🤖 AI Summary
To address the heavy reliance of 3D object detection in autonomous driving on expensive LiDAR sensors, this paper proposes a pure-vision monocular/biocular 2D-to-3D lifting method. The approach introduces an end-to-end geometrically constrained lifting pipeline that projects 2D detection bounding boxes into 3D space. Crucially, it incorporates, for the first time, a lightweight 2D CNN encoder that directly processes geometric point-cloud features associated with each 2D detection—achieving high accuracy while significantly improving computational efficiency.
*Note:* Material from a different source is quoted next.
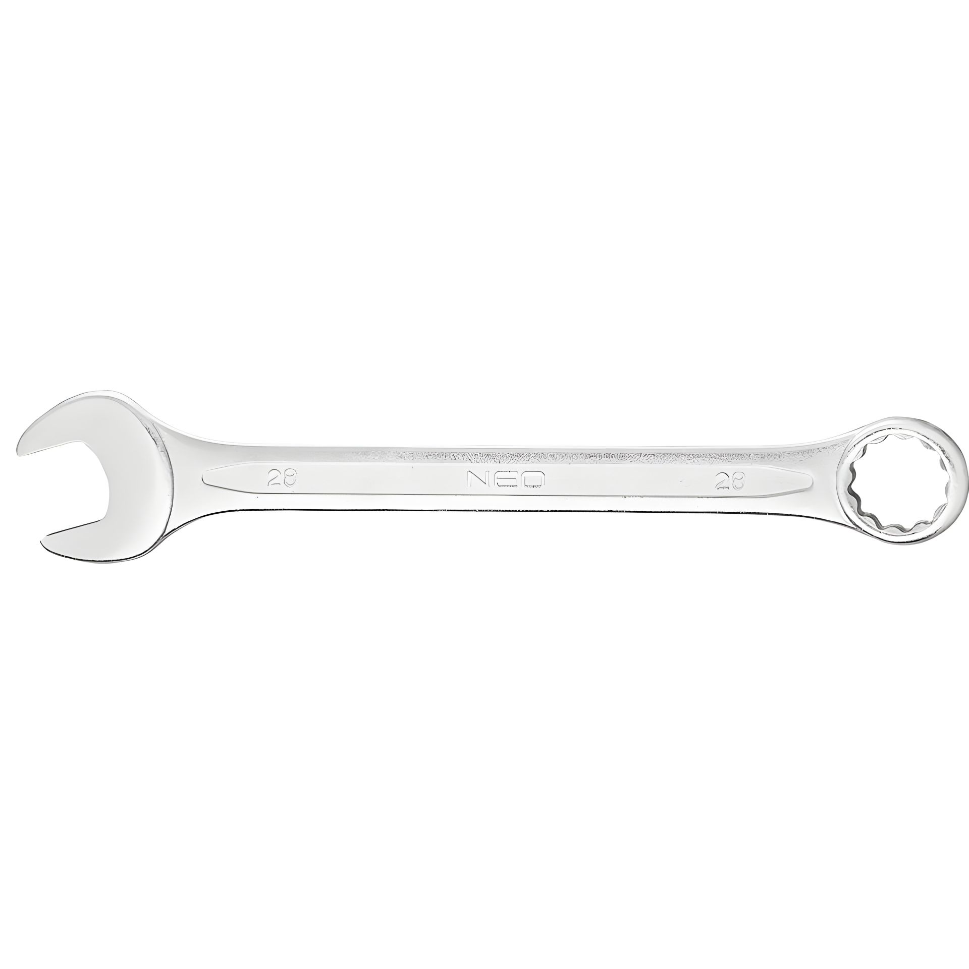Ключ комбінований 28 мм, сталь CrV, DIN3113, перештампований, сатинований, вигнута полірована головка під кутом 15° NEO 09-728

Furthermore, the method enables joint 3D modeling of all major road users, including vehicles, pedestrians, and cyclists. Evaluated on the KITTI benchmark, it achieves state-of-the-art (SOTA) performance among image-only methods at the time, with inference speed tripled (i.e., runtime reduced to one-third that of competing approaches). This work provides an efficient, cost-effective technical pathway toward vision-only autonomous driving.
📝 Abstract
Image-based 3D object detection is an inevitable part of autonomous driving because cheap onboard cameras are already available in most modern cars. Because of the accurate depth information, currently most state-of-the-art 3D object detectors heavily rely on LiDAR data. In this paper, we propose a pipeline which lifts the results of existing vision-based 2D algorithms to 3D detections using only cameras as a cost-effective alternative to LiDAR. In contrast to existing approaches, we focus not only on cars but on all types of road users. To the best of our knowledge, we are the first using a 2D CNN to process the point cloud for each 2D detection to keep the computational effort as low as possible. Our evaluation on the challenging KITTI 3D object detection benchmark shows results comparable to state-of-the-art image-based approaches while having a runtime of only a third.